16. Anayasa Mahkemesinin İnan Özdemir Taştan kararında (B. No: 2018/34137, 25/5/2022) pasaportu iptal edilen başvurucunun, hangi eylemleri ya da ilişkileri nedeniyle yurt dışına çıkışının engellendiğinin yetersiz inceleme ve gerekçe nedeniyle belirsizliğini koruduğu vurgulanarak gerekçeli karar hakkının ihlal edildiğine karar verilmiştir.

17. Somut olayda başvurucunun pasaportuna zayi kaydı konulmasına ilişkin olarak eşi hakkında yürütülen soruşturma, eşinin firari olması, bu soruşturmada başvurucuya yönelik tespitlerin bulunması ve ele geçirilen dijital materyaller üzerinde incelemenin devam ettiği hususları gerekçe gösterilmiştir. Başvurucu, kendisiyle ilgili tespitlerin esasen yine eşine ilişkin olduğunu, "Garson" kod adlı gizli tanık tarafından ortaya çıkarılan ve örgütün emniyet yapılanmasını deşifre eden listede eşiyle ilgili bilgilerin içinde adının geçtiğini, FETÖ/PDY-KOM2 kaydının bu anlama geldiğini, hakkında herhangi bir soruşturma olmadığını belirtmiştir.

18. Başvurucuyla ilgili tedbirin işlemin tesis edildiği anda ve devam eden yargı sürecinde başvurucunun eşinin devam eden soruşturmasına dayandırılan bir idari işlem olduğu, gerekçeli kararda her ne kadar başvurucuyla ilgili de inceleme yapıldığı belirtilmiş ise de hakkında yürütülen soruşturma ya da kovuşturmadan bahsedilmediği, idari işlemin gerekçelerinin başvurucunun öznel durumuyla ilişkilendirilmek suretiyle ortaya konulmadığı anlaşılmaktadır.

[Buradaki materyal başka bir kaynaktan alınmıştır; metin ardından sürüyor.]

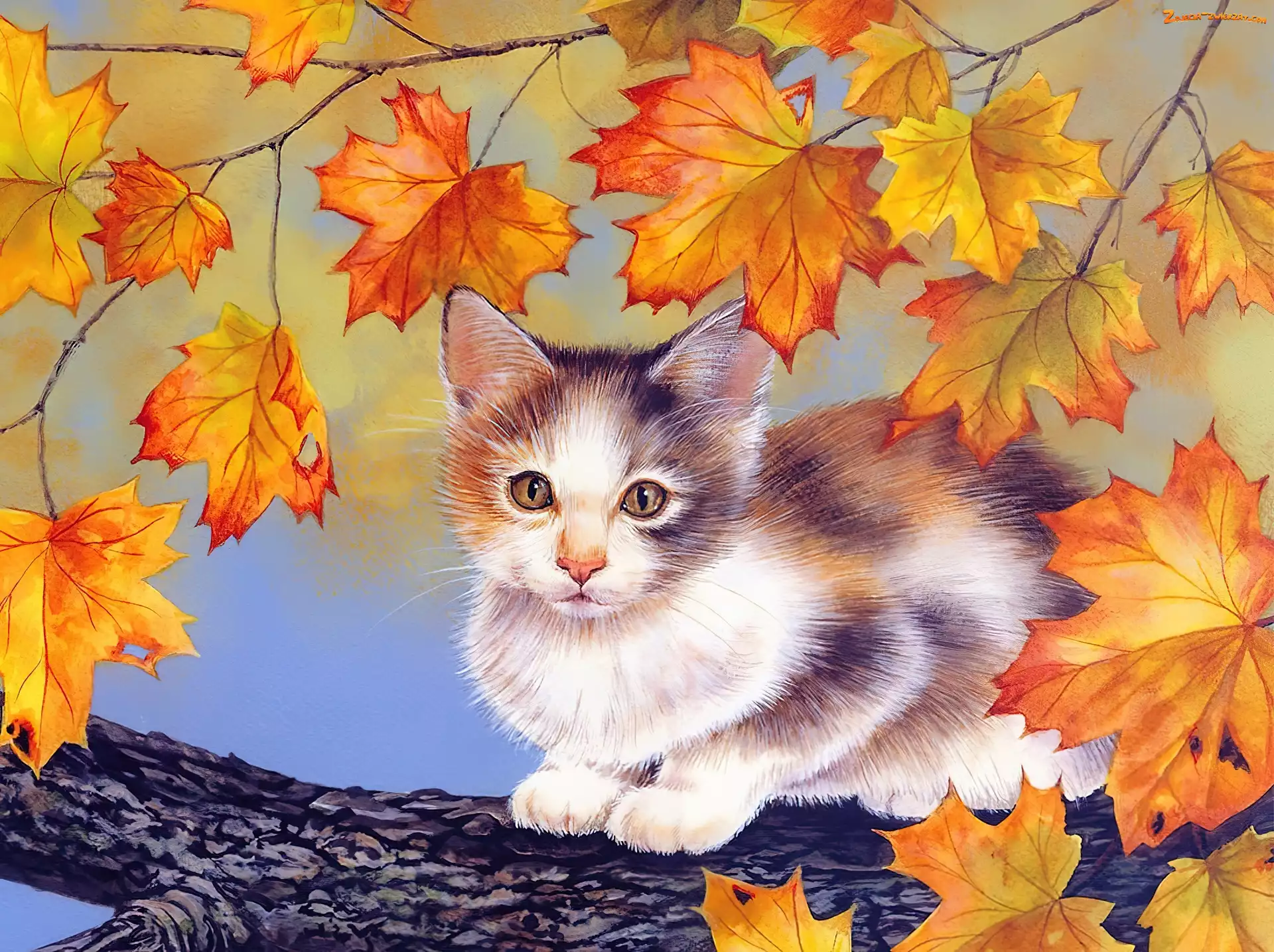 Zdjęcie: Na, Liście, Kot, Drzewie
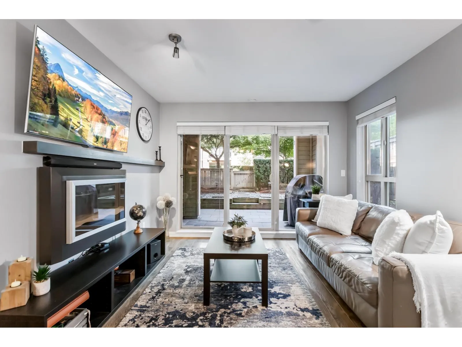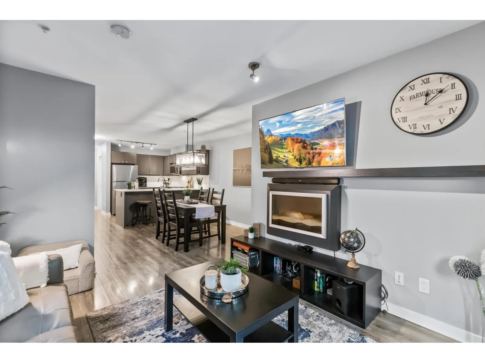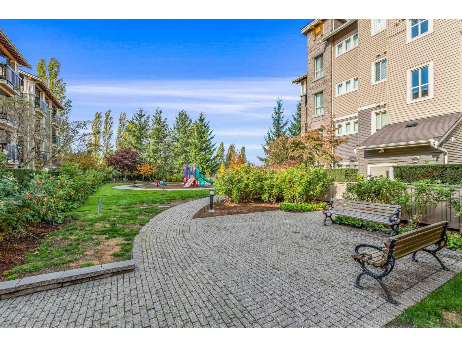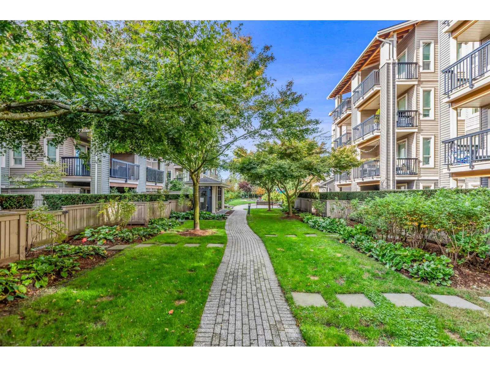 CORNERSTONE presents this beautiful GROUND FLOOR HOME offering a LARGE PRIVATE YARD with EXTRA ENTRANCE, situated on the QUIET SIDE OF THE BUILDING. Located in a secure, raised podium-style complex with no public access,ideal for pets/children.This 2-bedrm, 2-bathrm condo features an open-concept floor plan. The modern kitchen is thoughtfully designed with quartz countertops, S/S appliances, sleek cabinetry & laminate flooring that flows seamlessly into the dining/living areas.Living rm includes a floating fireplace & provides access to your private 149 sqft patio/large yard through oversized sliding doors/windows. The well-designed layout offers separated bedrms for added privacy,primary features a W/I closet & full ensuite. Pet-friendly building & located just off the Langley Bypass. (id:27476)

Diğer bir deyişle derece mahkemeleri bu tedbirin neden konulduğunu ve devam ettirildiğini, başvurucunun öznel durumu karşısında alınması zorunlu bir tedbir olup olmadığını tartışmamıştır.

19. Netice itibarıyla başvurucu hakkındapasaportuna yönelik işlemin tesisiyle ilgili olarak terör örgütü ile ilişkisini ortaya koyan, millî güvenliğe tehdit oluşturan faaliyetlerde bulunduğunu gösteren bir mahkeme kararının mevcut olmadığı; bu konuda derece mahkemelerinin de ayrıca araştırma yaparak değerlendirmede bulunmadığı, dolayısıyla başvurucunun hangi eylemleri nedeniyle yurt dışına çıkışının engellendiğinin yetersiz inceleme ve gerekçe nedeniyle belirsizliğini koruduğu görülmüştür.

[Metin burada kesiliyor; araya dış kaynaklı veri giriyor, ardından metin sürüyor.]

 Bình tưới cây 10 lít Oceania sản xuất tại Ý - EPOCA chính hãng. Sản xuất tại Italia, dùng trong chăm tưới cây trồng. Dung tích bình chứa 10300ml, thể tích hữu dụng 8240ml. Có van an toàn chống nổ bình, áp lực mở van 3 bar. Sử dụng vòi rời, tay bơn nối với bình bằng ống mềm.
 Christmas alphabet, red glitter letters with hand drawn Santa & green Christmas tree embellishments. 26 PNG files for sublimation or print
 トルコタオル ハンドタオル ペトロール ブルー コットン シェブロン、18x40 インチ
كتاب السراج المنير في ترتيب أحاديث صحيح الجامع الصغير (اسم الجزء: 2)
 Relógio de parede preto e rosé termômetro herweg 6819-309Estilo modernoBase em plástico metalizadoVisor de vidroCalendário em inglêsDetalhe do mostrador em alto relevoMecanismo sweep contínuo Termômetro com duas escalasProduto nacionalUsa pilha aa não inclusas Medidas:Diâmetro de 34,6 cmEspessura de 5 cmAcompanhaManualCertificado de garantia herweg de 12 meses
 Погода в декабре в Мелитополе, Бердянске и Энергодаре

20. Açıklanan gerekçelerle Anayasa’nın 36. maddesinde güvence altına alınan adil yargılanma hakkı kapsamındaki gerekçeli karar hakkının ihlal edildiğine karar verilmesi gerekir.

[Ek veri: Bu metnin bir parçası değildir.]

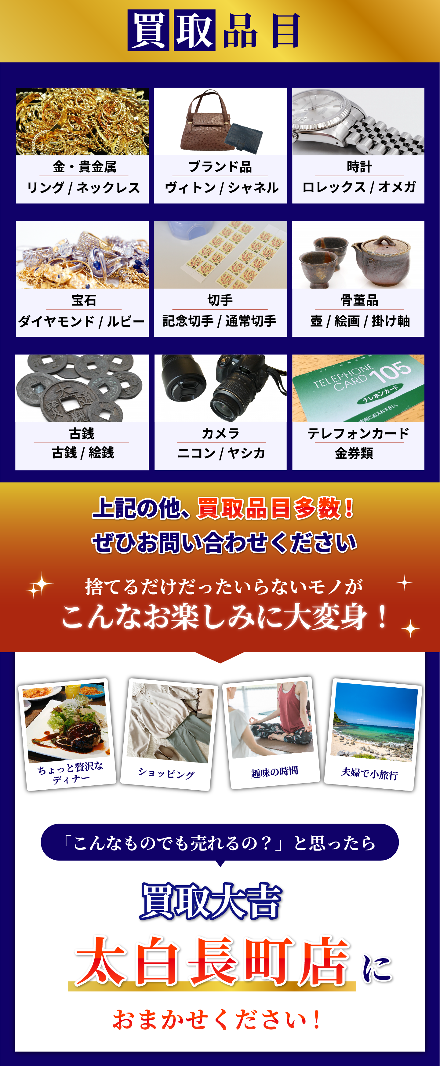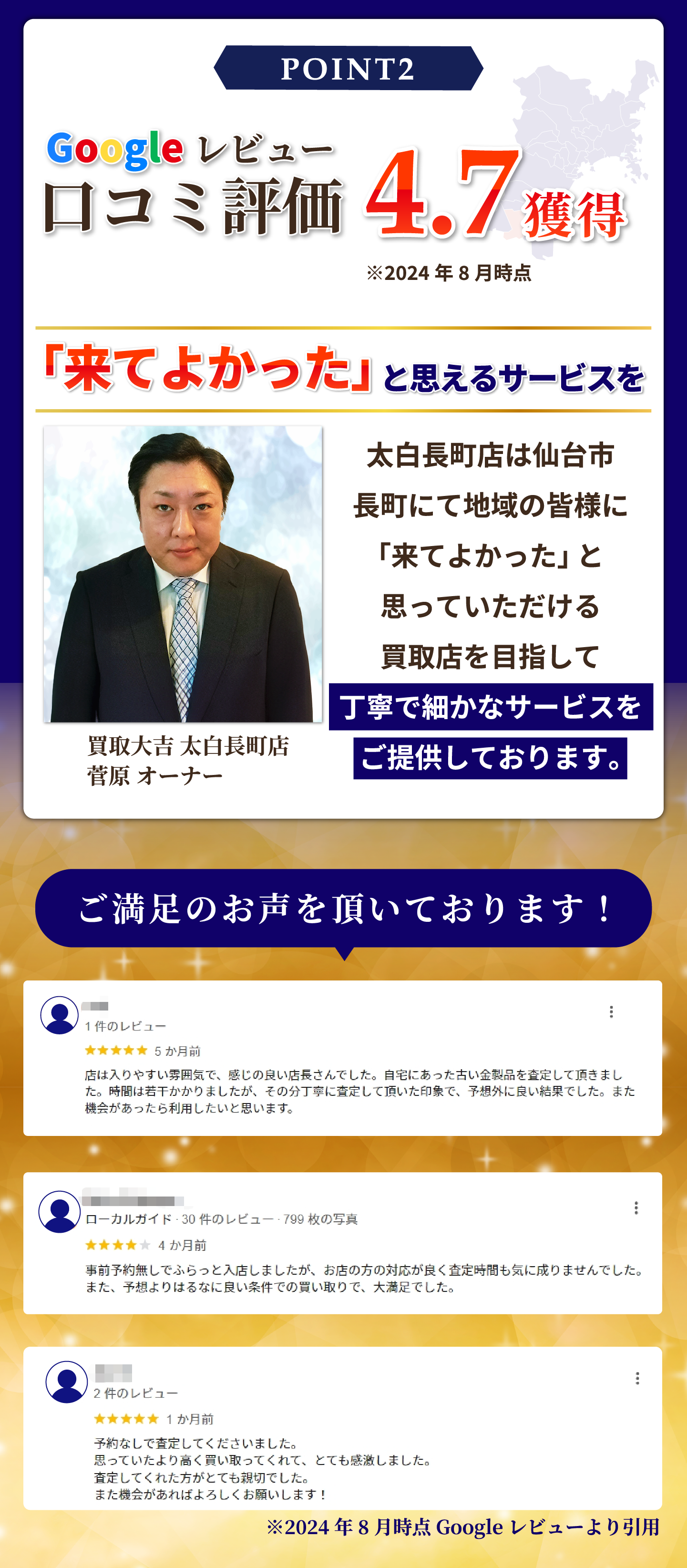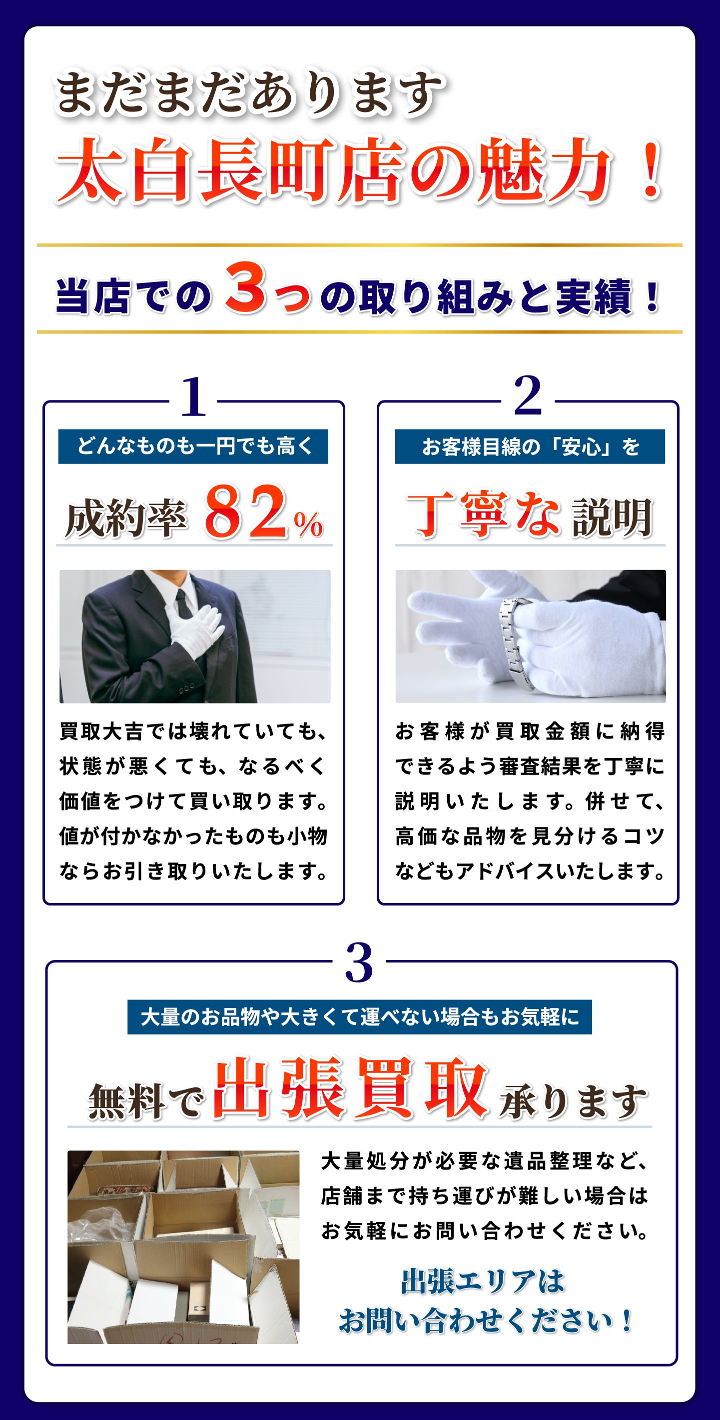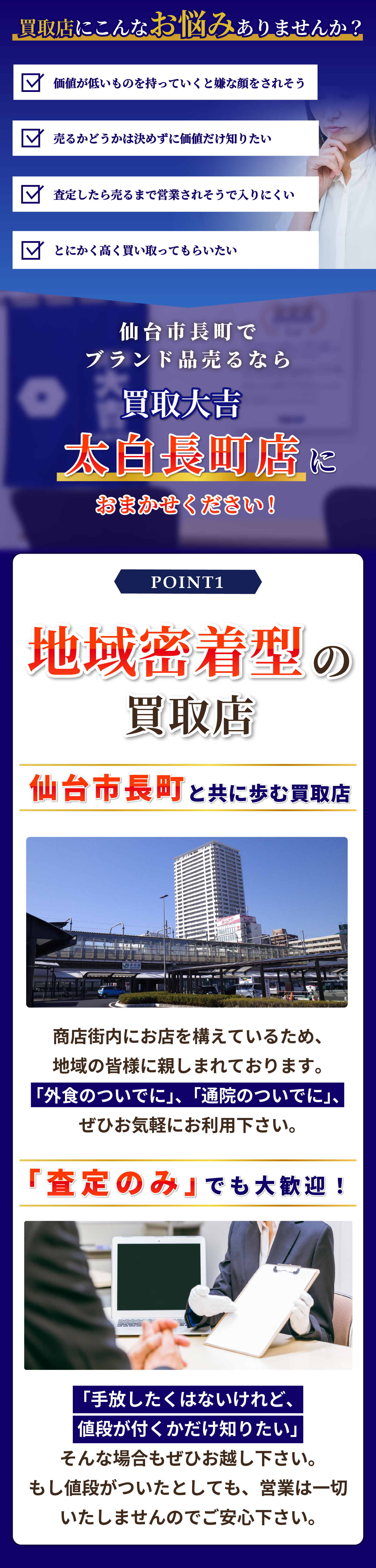 買取大吉 太白長町店 (以下「当社」)は、以下のとおり個人情報保護方針を定め、 個人情報保護の仕組みを構築し、全従業員に個人情報保護の重要性の認識と取組みを 徹底させることにより、個人情報の保護を推進致します。 個人情報の管理 当社は、お客さまの個人情報を正確かつ最新の状態に保ち、個人情報への不正アクセス・紛失・破損・改ざん・漏洩などを防止するため、セキュリティシステムの維持・管理体制の整備・社員教育の徹底等の必要な措置を講じ、安全対策を実施し個人情報の厳重な管理を行ないます。

21. Başvurucunun, pasaportuna yönelik işlem nedeniyle suç ve cezaların şahsiliği ilkesinin, masumiyet karinesi ile yerleşme ve seyahat özgürlüğünün ihlal edildiğini de ileri sürdüğü görülmekte ise de gerekçeli karar hakkının ihlal edildiğine karar verildiğinden diğer ihlal iddialarına ilişkin olarak ayrıca bir inceleme yapılmasına yer olmadığına karar verilmesi gerekir.

III. GİDERİM

22. Başvurucu, ihlalin tespiti ile yeniden yargılama ve tazminat talebinde bulunmuştur.

23. Başvuruda tespit edilen hak ihlalinin sonuçlarının ortadan kaldırılması için yeniden yargılama yapılmasında hukuki yarar bulunmaktadır. Bu kapsamda kararın gönderildiği yargı mercilerince yapılması gereken iş, yeniden yargılama işlemlerini başlatmak ve Anayasa Mahkemesini ihlal sonucuna ulaştıran nedenleri gideren, ihlal kararında belirtilen ilkelere uygun yeni bir karar vermektir (30/3/2011 tarihli ve 6216 sayılı Anayasa Mahkemesinin Kuruluşu ve Yargılama Usulleri Hakkında Kanun'un 50. maddesinin (2) numaralı fıkrasında düzenlenen bireysel başvuruya özgü yeniden yargılama kurumunun özelliklerine ilişkin kapsamlı açıklamalar için bkz. Mehmet Doğan [GK], B. No: 2014/8875, 7/6/2018, §§ 54-60; Aligül Alkaya ve diğerleri (2), B. No: 2016/12506, 7/11/2019, §§ 53-60, 66; Kadri Enis Berberoğlu (3) [GK], B. No: 2020/32949, 21/1/2021, §§ 93-100).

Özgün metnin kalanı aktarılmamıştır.